Table of Contents

1. Introduction to Bioinformatics

With the rapid development of Molecular Biology a massive amount of biological data including DNA, RNA and protein data began to accumulate during the last few decades. The development of powerful technologies such as NGS (Next Generation Sequencing), Microarray technologies, RNA Seq, etc. enabled a boost in biological data.
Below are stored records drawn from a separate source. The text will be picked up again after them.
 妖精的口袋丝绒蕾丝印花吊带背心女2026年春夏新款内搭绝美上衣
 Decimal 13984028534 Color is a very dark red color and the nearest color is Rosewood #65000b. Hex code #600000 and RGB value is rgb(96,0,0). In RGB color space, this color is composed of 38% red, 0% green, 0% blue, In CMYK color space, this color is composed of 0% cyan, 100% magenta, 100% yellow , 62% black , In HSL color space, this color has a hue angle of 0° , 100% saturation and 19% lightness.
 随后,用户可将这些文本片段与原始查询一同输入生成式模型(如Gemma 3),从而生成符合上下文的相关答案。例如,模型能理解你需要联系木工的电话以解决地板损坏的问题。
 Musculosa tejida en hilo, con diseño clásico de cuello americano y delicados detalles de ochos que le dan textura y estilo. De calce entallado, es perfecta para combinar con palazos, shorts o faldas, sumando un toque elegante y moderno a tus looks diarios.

As a consequence, biologists needed an efficient way of manipulating these data such that they can store them as well as retrieve them when ever needed. Biologists have used computers as important tools since early 1960s (a decade before sequencing technologies are developed) to handle accumulating protein data generated by protein biochemistry (Hagen et al. 2000). Various genome projects such as HGP (Human Genome Project) further necessitate computer power to analyze data as well as databases to store data. As a result a novel field, “Bioinformatics”, emerged.
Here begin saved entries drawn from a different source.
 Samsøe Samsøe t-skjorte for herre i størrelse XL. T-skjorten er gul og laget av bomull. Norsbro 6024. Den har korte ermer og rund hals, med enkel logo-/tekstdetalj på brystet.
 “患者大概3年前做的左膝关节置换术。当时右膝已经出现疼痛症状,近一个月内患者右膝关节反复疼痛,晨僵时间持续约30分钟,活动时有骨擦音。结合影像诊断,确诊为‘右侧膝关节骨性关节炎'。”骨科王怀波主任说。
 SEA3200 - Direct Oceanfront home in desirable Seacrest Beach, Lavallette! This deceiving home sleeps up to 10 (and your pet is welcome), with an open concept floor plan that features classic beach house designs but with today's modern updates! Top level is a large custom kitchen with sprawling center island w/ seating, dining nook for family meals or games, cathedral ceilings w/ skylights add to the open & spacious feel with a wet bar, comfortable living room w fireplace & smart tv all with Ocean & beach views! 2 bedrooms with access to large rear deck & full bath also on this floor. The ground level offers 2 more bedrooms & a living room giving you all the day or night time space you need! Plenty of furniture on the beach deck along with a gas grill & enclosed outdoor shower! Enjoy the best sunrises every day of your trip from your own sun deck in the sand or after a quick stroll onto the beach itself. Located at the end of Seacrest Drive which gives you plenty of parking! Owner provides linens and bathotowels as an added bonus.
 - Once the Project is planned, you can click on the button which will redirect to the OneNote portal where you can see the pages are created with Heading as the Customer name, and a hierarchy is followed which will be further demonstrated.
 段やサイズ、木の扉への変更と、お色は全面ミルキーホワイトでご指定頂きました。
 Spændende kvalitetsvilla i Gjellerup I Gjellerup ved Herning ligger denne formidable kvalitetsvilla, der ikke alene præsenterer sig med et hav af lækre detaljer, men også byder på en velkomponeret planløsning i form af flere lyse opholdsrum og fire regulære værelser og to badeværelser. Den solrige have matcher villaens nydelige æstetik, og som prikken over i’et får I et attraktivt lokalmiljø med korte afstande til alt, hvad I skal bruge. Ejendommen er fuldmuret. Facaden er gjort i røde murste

The NCBI (National Center for Biotechnology Information) bioinformatics is defined as follows:

“Bioinformatics is the field of science in which biology, computer science, and information technology merge into a single discipline.There are three important sub-disciplines within bioinformatics: the development of new algorithms and statistics with which to assess relationships among members of large data sets; the analysis and interpretation of various types of data including nucleotide and amino acid sequences, protein domains, and protein structures; and the development and implementation of tools that enable efficient access and management of different types of information.”

2. Databases

There are three major databases function as DNA data repositories while there are other databases specifically developed to store protein sequences, protein structures, small RNA sequences, etc. Few of them are given below:

1. DNA Databases:

2. Protein Sequence Databases:

3. Protein Structure Databases:

4. Small RNA Databases:

Other than these common databases there are organism specific databases, where a massive amount of information can be retrieved. For example researchers working with human systems have benefited with the development of Human Genome Browser. Scientists working with famous fruit fly Drosophila melanogaster make use of FlyBase. Model plant Arabidopsis has its own database, TAIR. Likewise there is a C. elegans specific database, WormBase. These organism specific databases helped to narrow down searches.

These databases have been a major driving force for the rapid development of the field of Molecular Biology. As biologists, now its clear that we have an enormous amount of resources to help simplify biological queries that we are investigating. But above all, most importantly we need to know how to use these resources in a useful manner.

3. Use of Bioinformatics to Solve Biological Queries

a) Finding the Identity

As a researcher I recently isolated, purified and sequenced a piece of DNA from a clinical sample of a patient having a particular neurological disease. The length of the DNA sequence is 65542 bp. A part of the sequence is given below.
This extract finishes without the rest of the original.